Input data:
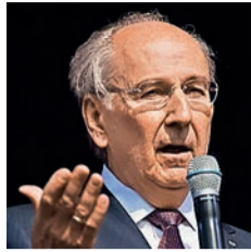
Фундації Temerty, громадянин Канади українсько-го походження (родом з Донеччини).

«Ви всі дуже добре знаєте Львів, знаєте як це є пройтися центром. Ви відчуваєте цю атмосферу нешироких вуличок, будинків, які мають 5 поверхів, і після кожного повороту відкривається щось особливо зворушливе. І тому в цьому місці мало бути щось хороше – у розмірах Львова, в атмосфері цього міста, але з XXI століття. У цьому місці, звідки мала йти комуністична пропаганда і контроль, мало постати щось дуже людське. І в країні, де ми не довіряємо один одному, навіть чверть століття після краху комунізму, ми хотіли, щоби довіра росла, також через архітектуру. Це – гуманне містечко, яке відновлює Богом дану людську гідність», – додав владика Борис Гудзяк.
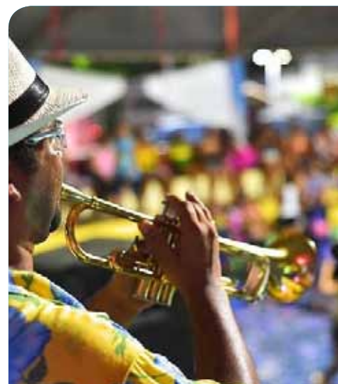
As dicas ajudam ao consumidor a ter dias de folia sem aborrecimentos

- A partir de duas horas, o passageiro pode exigir alimentação. Mais de quatro horas, a companhia tem de disponibilizar acomodação ou hospedagem e transporte. O passageiro, no caso de cancelamento da passagem, também tem

About this task: The complete listing must be transcribed verbatim, and all pictures are to be omitted.

Solved problem:
Фундації Temerty, громадянин Канади українсько-го походження (родом з Донеччини).

«Ви всі дуже добре знаєте Львів, знаєте як це є пройтися центром. Ви відчуваєте цю атмосферу нешироких вуличок, будинків, які мають 5 поверхів, і після кожного повороту відкривається щось особливо зворушливе. І тому в цьому місці мало бути щось хороше – у розмірах Львова, в атмосфері цього міста, але з XXI століття. У цьому місці, звідки мала йти комуністична пропаганда і контроль, мало постати щось дуже людське. І в країні, де ми не довіряємо один одному, навіть чверть століття після краху комунізму, ми хотіли, щоби довіра росла, також через архітектуру. Це – гуманне містечко, яке відновлює Богом дану людську гідність», – додав владика Борис Гудзяк.
As dicas ajudam ao consumidor a ter dias de folia sem aborrecimentos

- A partir de duas horas, o passageiro pode exigir alimentação. Mais de quatro horas, a companhia tem de disponibilizar acomodação ou hospedagem e transporte. O passageiro, no caso de cancelamento da passagem, também tem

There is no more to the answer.